In a worst-case scenario within a data center, silent data errors can result in permanent data loss and crash a server or portion of the cloud by adversely affecting the network interface. Even outside such a scenario, issues caused by SDEs can take a long time to debug and resolve, with significant losses in terms of workflow, engineering and operational expenses.
SDEs are not a new problem; companies with data centers have been battling them for years. A 2021 paper from Google titled "Cores that don't count" described the effects seen by cloud operators. The researchers described "mercurial" cores that were difficult to locate and would create silent data errors (also called corrupt execution errors). They said that the fundamental reason we are just learning about mercurial cores is "ever-smaller feature sizes that push closer to the limits of CMOS scaling, coupled with ever-increasing complexity in architectural design."
In a 2022 paper from engineers at Meta titled "Detecting silent data corruptions in the wild," the authors noted, "With an occurrence rate of one fault within a thousand devices, silent data corruptions have the ability to impact numerous applications."

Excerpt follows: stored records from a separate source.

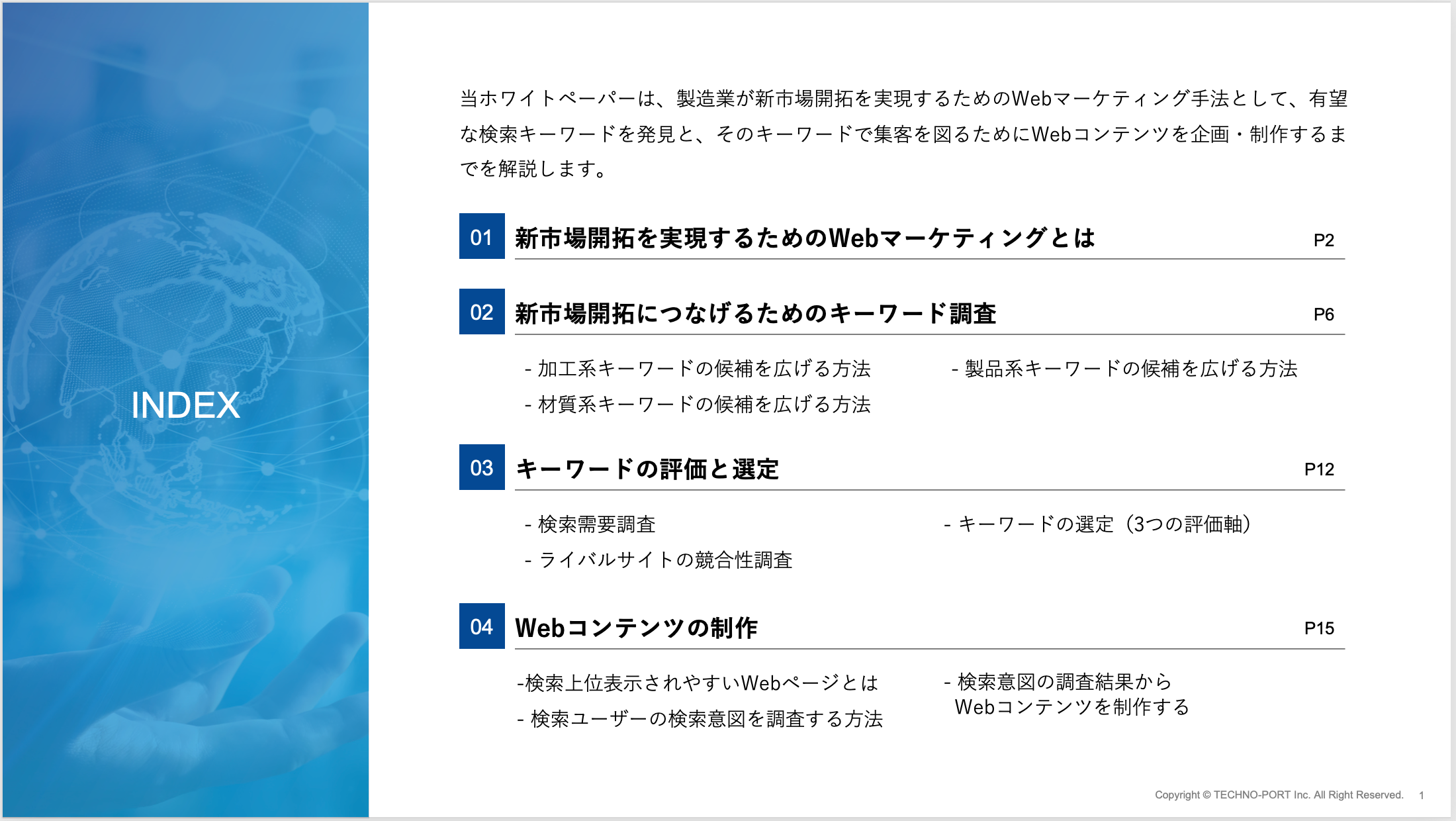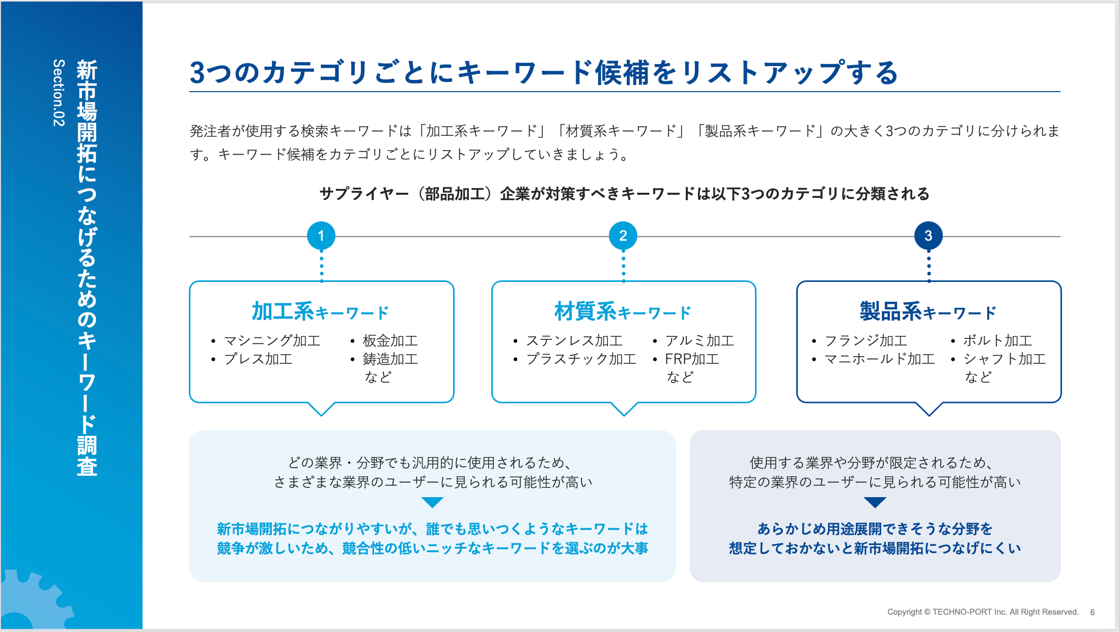 これらの結果を踏まえ、当社は長年の経験を基に、サプライヤー企業がWebマーケティングを利用して新市場を開拓するためのノウハウを集約した資料を作成しました。この資料を通じて、より多くの中小製造業が新たな市場開拓を実現できることを目指しています。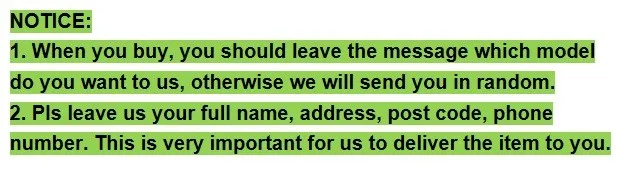 Enviamos pedidos estrictamente de acuerdo con la dirección del pedido, si hay algún cambio de dirección, infórmenos inmediatamente antes de enviarlo.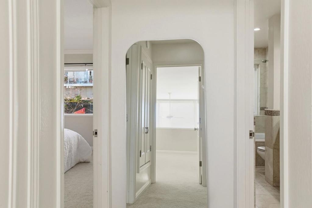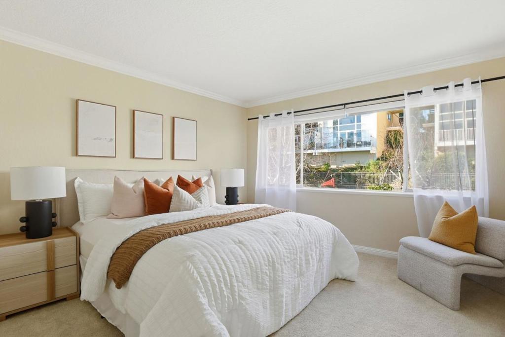 Nestled in the picturesque San Carlos Hills, this light-filled upper-level residence offers breathtaking panoramic views of the Bay and Silicon Valley. With soaring 18-foot ceilings and floor-to-ceiling windows, the home is bathed in natural light throughout its contemporary two-story layout. The spacious living area, equipped with a flexible dining room that can be converted into a third bedroom or home office, is complemented by a loft-style bedroom overlooking the living space, providing sweeping views. The main level features a cozy living room, a fully equipped kitchen, a dining area, a full bath, an in-unit laundry room, and a private balcony, perfect for enjoying peaceful days with frequent sightings of deer and hummingbirds. For added comfort, the home is equipped with a Nest thermostat, a new furnace, and cellular electric blinds. Residents have easy access to nearby trails and a dog park, while still being close to top-rated San Carlos schools, charming downtown shops and dining options, major tech campuses, Caltrain, and highways. The property includes two deeded parking spaces and HOA amenities, such as a tranquil pool within an intimate 36-unit complex.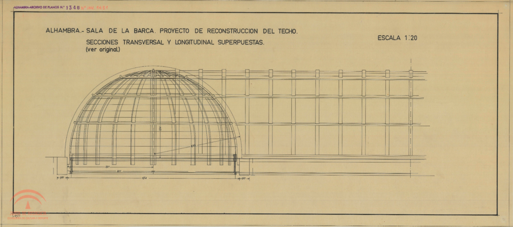 | Título: | Sala de la Barca. Proyecto de reconstrucción del techo. Sección transversal y longitudinal superpuestas |

Over time, cloud operators have presented additional papers explaining in more detail what they are seeing in their data centers and outlining methodologies for isolating the failed chips.
Semiconductor failures
Semiconductor failures are a well-understood problem in the industry, and failure modes that cause silent data errors are no different from other failures discovered during normal chip product life. The lifecycle of the chip and the failure rate of the chip during each section of the lifecycle are shown in Figure 1.